The next big thing: Serbia
Then there’s the other recent news – the slightly obscure addition of a Serbian ski resort with 120 rooms, set to open at Viceroy Kopaonik in 2018, set within the nation’s largest mountain range.
“It will be our second ski hotel – look what happened with Snowmass,” he recalls. “It was not the best known of Aspen’s mountain resorts, but now it’s been hugely elevated. We have taken it to the stage where it is a destination in its own right. We can do that for Serbia too – there are tens of millions of people within a three-hour drive of the hotel.”
Sadly “mothballed” for now however - given the slump in travel to Turkey in its recent turbulent times - is Viceroy’s super-luxe 77-key Istanbul project.
“It’s an unusual situation we find ourselves in, as the project is ready to go. It has a wealthy Turkish owner who can sit and wait until things look up in the country and then we would be ready to go pretty quickly with an opening, maybe by April 2018,” says Walshe. “It’s an incredible project on Princes’ Islands, which is the ‘Hamptons of Istanbul’.”
The hotel is a “secluded sanctuary” built around an historic mansion with a private beach – a client even joked to Walshe that he should pitch it as a temporary film set back in LA to the studio bosses in Hollywood while he waits for it to open.
Walshe won’t exactly be twiddling his thumbs however while he ‘waits’, as there are other areas of the world to attend to. Like South America, where he says there is huge potential.
“With all my travelling and with the big focus on the region, you could say I’ve stopped reading my James Patterson novels on the go and switched to Rosetta Stone to learn Spanish!” he says.

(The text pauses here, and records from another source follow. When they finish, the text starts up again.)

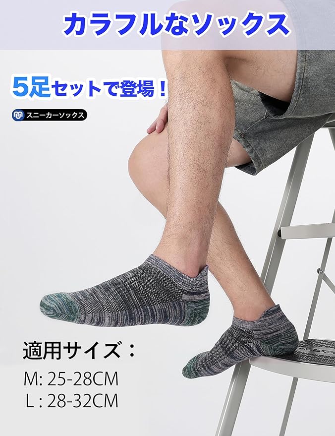 [CLOSEMATE] ソックス 靴下 メンズ くるぶしソックス 防臭吸汗 アンクルソックス 春夏用 スニーカーソックス 大きいサイズ カラフル 5足組 カジュアル スポーツ 綿 ショートソックス 男性 四季適用
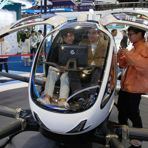 11月6日,上海,第七届中国国际进口博览会汽车展区,两名外国参观者正在体验一款中国自主研发的无人驾驶垂直起降飞行器。中青报·中青网记者 田嘉硕/摄
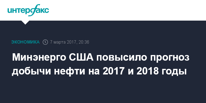 Москва. 7 марта. INTERFAX.RU - Управление по информации в области энергетики (EIA) министерства энергетики США повысило прогноз добычи нефти в стране на 2017 год с 8,98 млн баррелей в сутки (б/с) до 9,21 млн б/с.
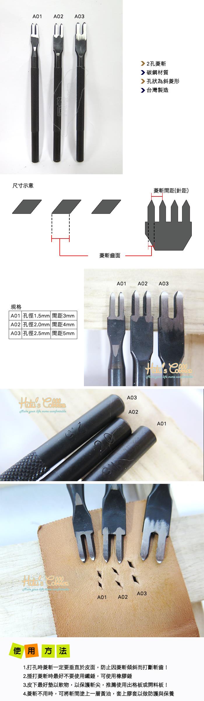1.打孔時菱斬一定要垂直於皮面,防止因菱斬傾斜而打斷斬齒!
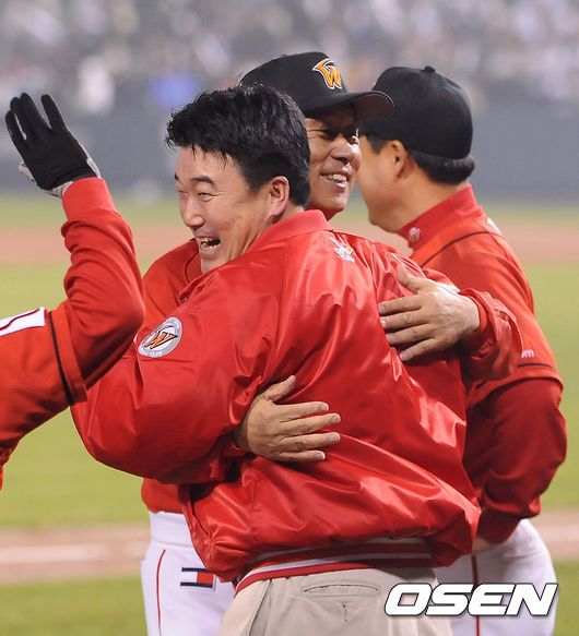 사진.(위로부터) 11월 8일 우승 직후 정용진 구단주와 민경삼 대표, 헹가래 받는 장면, 단장 때인 2010년 김성근 감독과 우승 기쁨을 나누는 모습, 선수시절인 1990년 LG 우승 시상식에서(앞줄 오른쪽에서 6번째가 민경삼)

“We chased a project in Nicaragua but didn't get it, but that’s somewhere we definitely want to be,” he sighs. “There is a hotel coming up in Buenos Aires and the whole vibe and confidence in Colombia is brilliant to experience after their years of trauma – the hotel we have there will be the best in the country. But there is the small matter of first having to remove the remains of two saints that are within the building.”
The building he refers to is the Viceroy Convento Obra Pia in Cartagena, which is a restoration of a convent in the upcoming – and Unesco-protected – Getsemani neighbourhood; the hotel will be home to 102 suites when it opens in 2019.
A project Walshe seems equally excited about is Viceroy Bocas del Toro in Panama, an idyllic beach resort on the Caribbean Sea that by 2020, will have introduced the region to its first-ever Maldives-style over-water villas.
“I think for fear of hurricanes, no-one’s ever done over-water villas before in the region,” he says. “But we plotted hurricane history since 1851 and discovered that nothing has ever come within 200 miles of where the resort will be.”
Closer to home for the UK market will be the Ombria Resort on the Algarve, with 76 guestrooms and seven restaurants and bars; and being as though he is in London – the obvious question is why Viceroy doesn’t have a hotel here yet.
“You’re looking at £2 million per key in terms of development, so it’s tough for us to bring that level of finance to the table, although we do have two deals in play at the moment,” he hints. “London is the number one market for the brand, in terms of where we want to be, and the UK outbound travelling to our portfolio is very meaningful.”
So, with 14 hotels now in operation and eight ongoing projects, the group count is into its twenties and there could also be “two more to come” this year; “we will likely take over a US and Latin American property this year”, alludes Walshe.
And within five years there could be another 10 on the drawing board, but Walshe says it’s not a numbers game, rather doing the job well and constantly evolving. And of course, being proud of what you do.